Auch Wohlleben will offenbar aussagen

Am Montag war bekannt geworden, dass Zschäpe zweieinhalb Jahre nach Beginn des Verfahrens ihr Schweigen brechen will. Ihr Verteidiger Mathias Grasel sollte eigentlich am Mittwoch eine umfassende Erklärung vortragen.

Der Ankündigung am Montag folgten jedoch zwei Anträge: Wohllebens Verteidiger lehnten den Senat wegen Besorgnis der Befangenheit ab; Zschäpes Altverteidiger Wolfgang Stahl, Wolfgang Heer und Anja Sturm beantragten, von ihrem Mandat entbunden zu werden. Daraufhin unterbrach Richter Manfred Götzl, die Verhandlung am Mittwoch fiel aus.

Am Donnerstag wurde zudem durch einen Bericht des SPIEGEL bekannt, dass neben Zschäpe offenbar ein weiterer Angeklagter sein Schweigen brechen will: Demnach bereitet auch Wohlleben eine Aussage vor. Seine Verteidigerin Nicole Schneiders wollte das nicht kommentieren.
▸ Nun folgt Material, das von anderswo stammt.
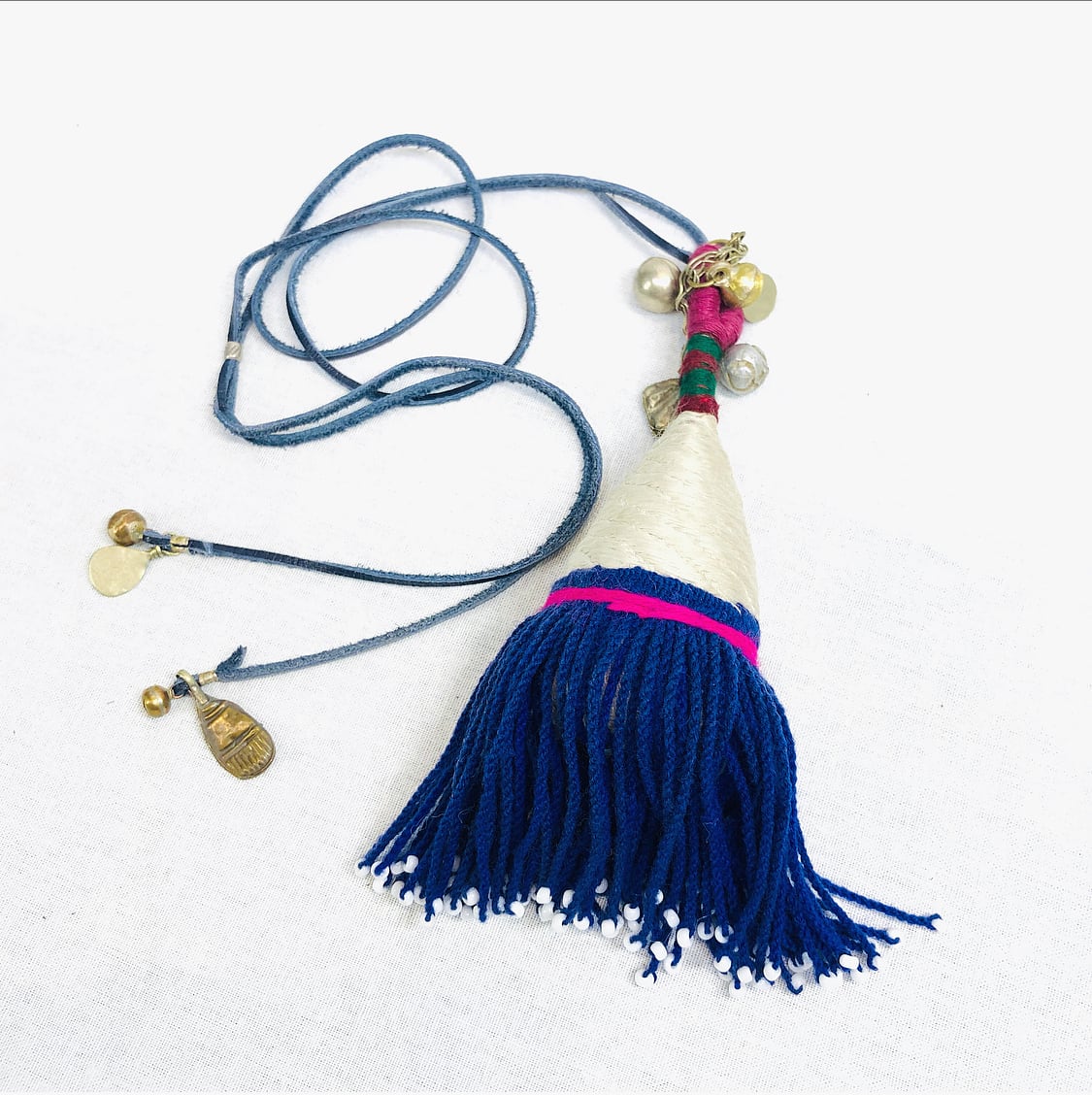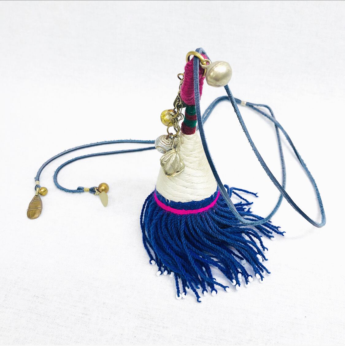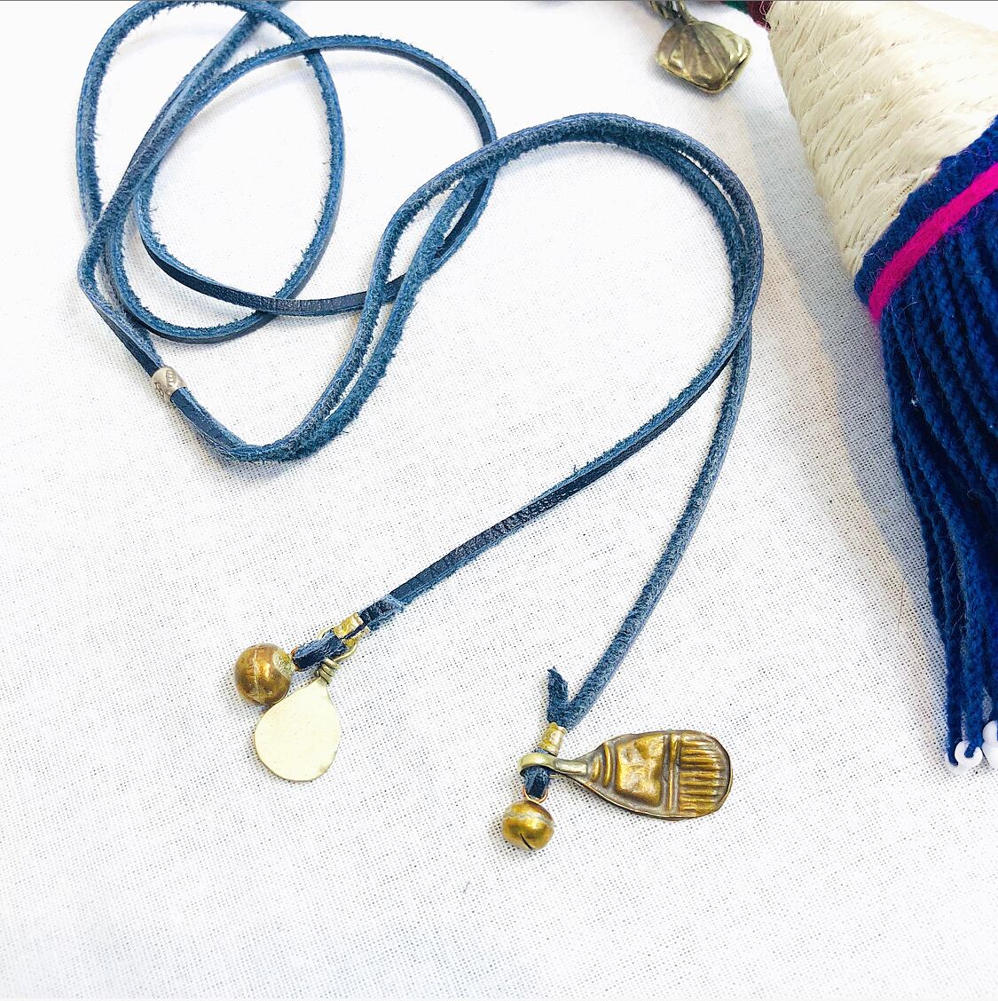 タッセルを胸元位置くらいの長さに設定して、レザーコードを肩から胸元に持ってくると、コードの先端に付いているメタルパーツがアクセントになって、とてもオシャレなネックレスになります。

Zschäpe wird beschuldigt, unter anderem an zehn Morden, zwei Sprengstoffanschlägen und 15 Raubüberfällen als Mittäterin beteiligt gewesen zu sein. Wohlleben gehörte laut Anklage zu den Unterstützern des NSU. Er muss sich wegen Beihilfe zum Mord in neun Fällen verantworten. Mithilfe eines Kuriers soll er die Ceska-Pistole besorgt haben, mit der neun Menschen erschossen wurden.